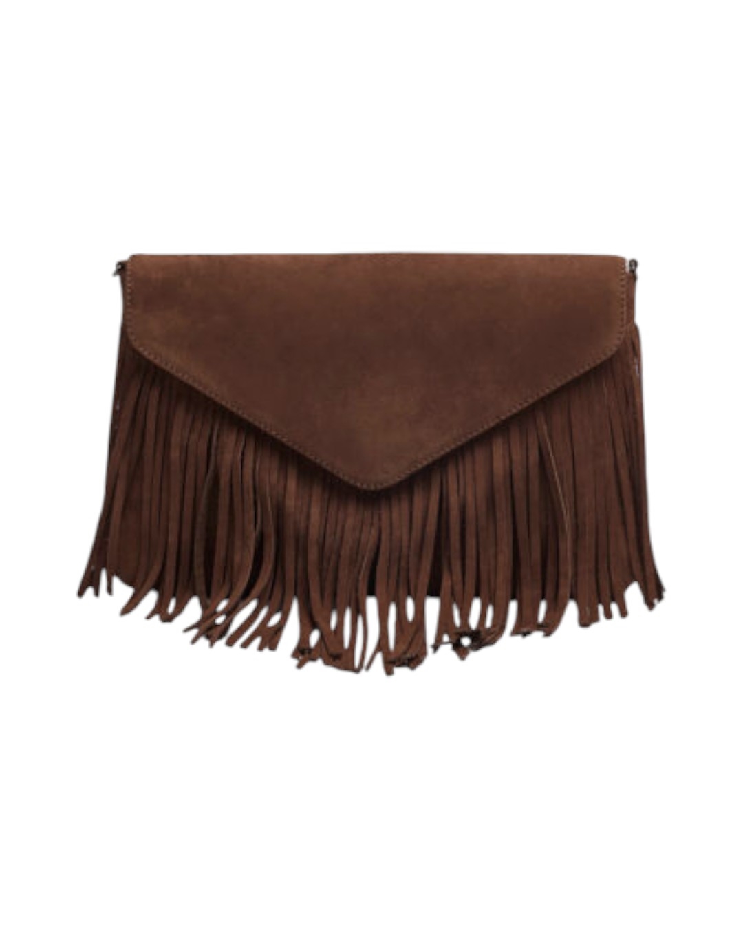 Модель Flamenca выполнена из мягкого нубука и украшена длинной бахромой — главным акцентом модели. Простая форма и чёткие линии подчёркивают текстуру материала и делают образ лаконичным. Внутри — плотная подкладка и карман для мелочей. Удобная петля позволяет носить сумку на запястье. Flamenca легко вписывается в повседневный гардероб и добавляет лёгкое бохо-настроение.
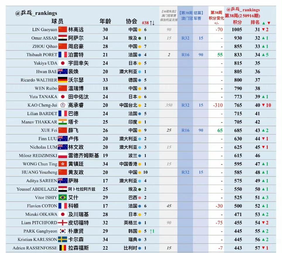 世界乒联第38周男单世界排名发布,如图所示。 本周选手们要加上2025wtt澳门
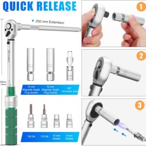 - Umfangreiches Set für den sofortigen Start: Durch die Verlängerungsstange, das Universalgelenk und die speziellen Zündkerzeneinsätze bist du für die meisten Standard-Reparaturen am Kfz sofort gerüstet.
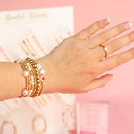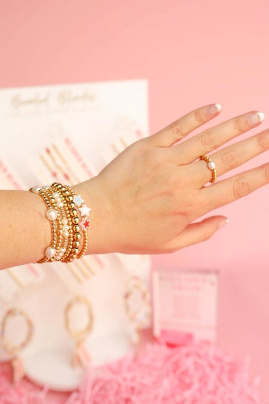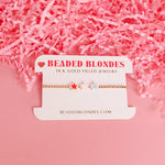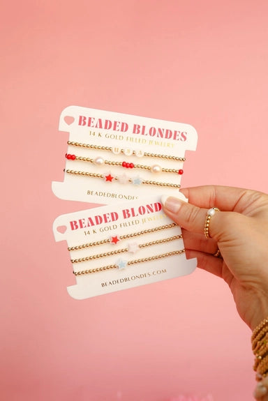 The triple star bracelet! Perfect for Memorial Day or 4th of July. A custom-made bead with festive combination of red, white, and blue. Material: 14 K gold filled beads and durable elastic string. Handstrung with love in College Station, Texas.

——

Reproduce the data above word for word and omit the images.

 Модель Flamenca выполнена из мягкого нубука и украшена длинной бахромой — главным акцентом модели. Простая форма и чёткие линии подчёркивают текстуру материала и делают образ лаконичным. Внутри — плотная подкладка и карман для мелочей. Удобная петля позволяет носить сумку на запястье. Flamenca легко вписывается в повседневный гардероб и добавляет лёгкое бохо-настроение.
 世界乒联第38周男单世界排名发布,如图所示。 本周选手们要加上2025wtt澳门
 - Umfangreiches Set für den sofortigen Start: Durch die Verlängerungsstange, das Universalgelenk und die speziellen Zündkerzeneinsätze bist du für die meisten Standard-Reparaturen am Kfz sofort gerüstet.
 The triple star bracelet! Perfect for Memorial Day or 4th of July. A custom-made bead with festive combination of red, white, and blue. Material: 14 K gold filled beads and durable elastic string. Handstrung with love in College Station, Texas.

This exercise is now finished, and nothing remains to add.